Modularized the project, moved resources to app directories (eg application support), validated resources (info.json, info.db, config.cfg) upon start, enforced singleton behavior through lock files, streamlined logs, etc.
The next step would be to add user-initiated shutdown management and perhaps a simple GUI before bundling the entire thing as one standalone app (I plan to use pyinstaller for this).
Some more backend updates, but some frontend ones as well. The user can now refresh the info.json from GitHub, and information such as number of contests, the information version number, and the path to the downloads directory is displayed.
Did some backend updates. Added a config file which enables custom download directories and the ability to retrieve new info.json files from GitHub. These changes lay the groundwork to have a single executable application that can be downloaded, instead of requiring users to build from scratch.

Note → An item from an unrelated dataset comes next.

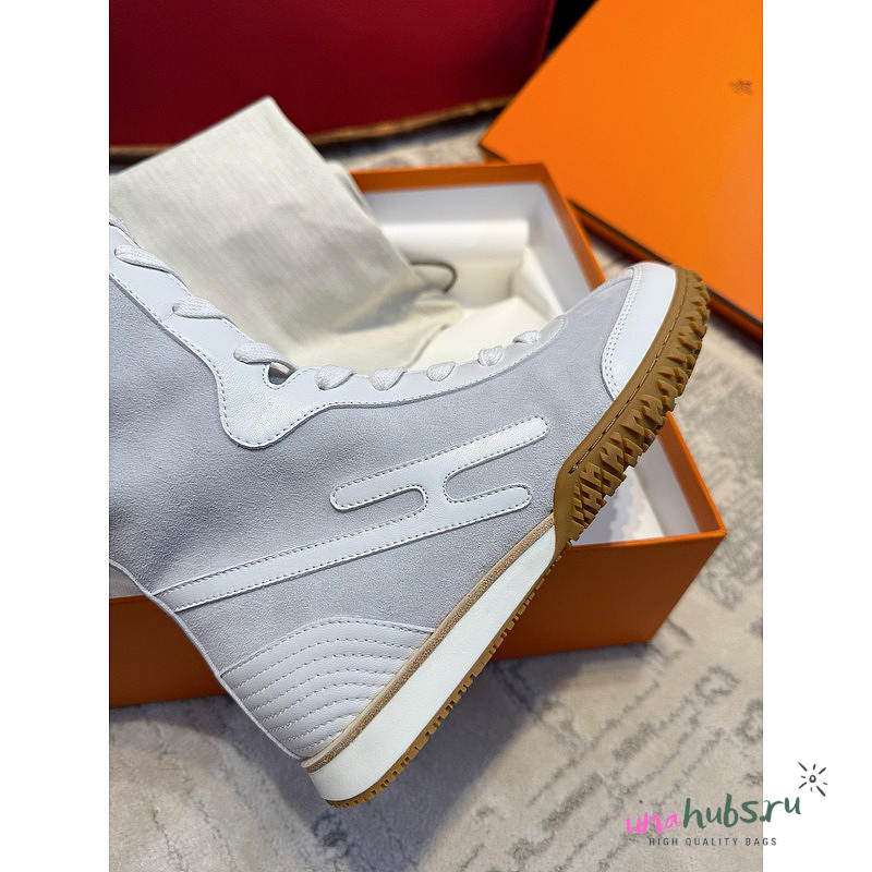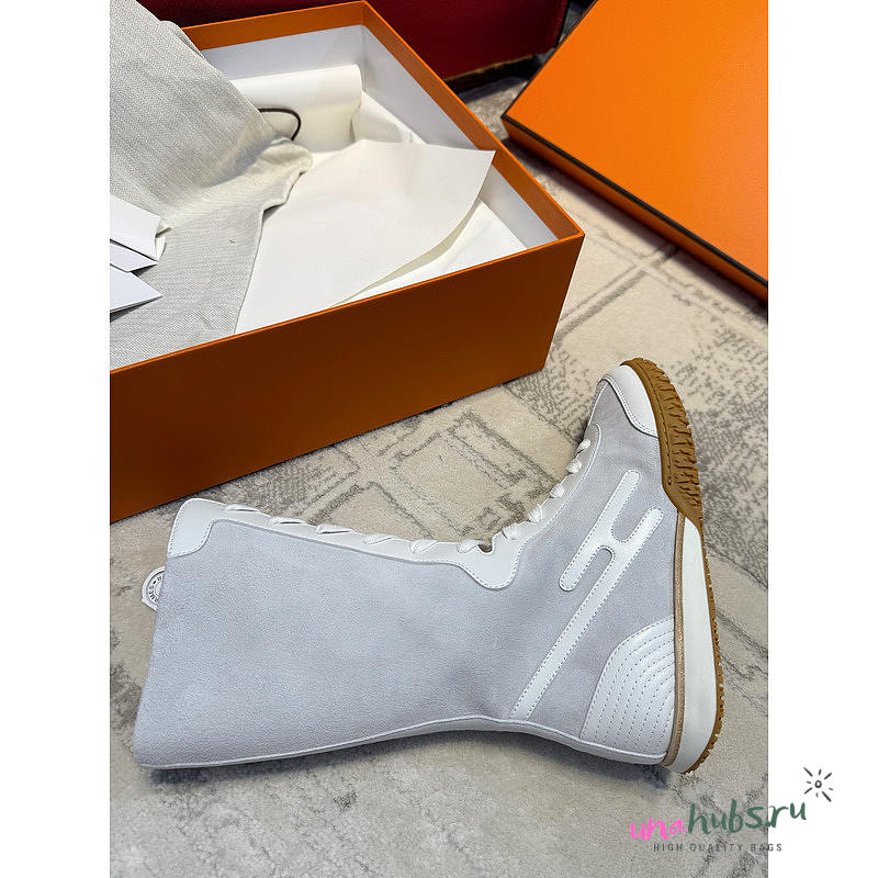 Hermes Lace Up Sneaker Suede White
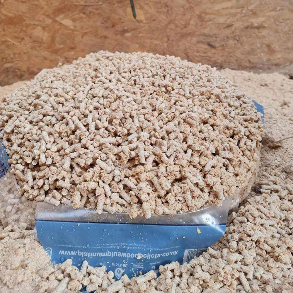Platinum Plus Cat Litter wood pellets are the superior option to keep your house smelling fresh and your cats happy. It's light in colour, making it easy to see when it needs to be changed or when your cat has used it. It's made from 100% premium virgin softwood and has been triple dust extracted, meaning it's easy to clean out and change your litter, without spreading dust over your floors. Wooden cat litter is also highly absorbent. In fact, these wood pellets can absorb up to 380% of their weight in moisture. This will make your litter last longer as the wood will absorb moisture in the area your cat has used, without spreading further into the litter tray. It also has excellent odour control with a fresh pine scent. You can rest assured that you are doing your best for the environment with our cat litter. Platinum Plus's wood cat litter is can be put on a compost heap or in a compost bin and will degrade quickly and efficiently.

So far, I've been working on some improvements. I simplified the database schema so that only one table is required instead of the previous two. I'm not sure what prompted me to overcomplicate the schema before.
I also migrated to a HTML over the wire approach: now, instead of the browser receiving the entire database, the backend manipulates the database (through SQLAlchemy) and sends only required information to the browser using HTMX. In addition to minimizing JS, this also makes the code easier to read. Since the tool is designed to be locally hosted, it doesn't really make a difference in speed.
I've also improved the download system for thread-safety and all.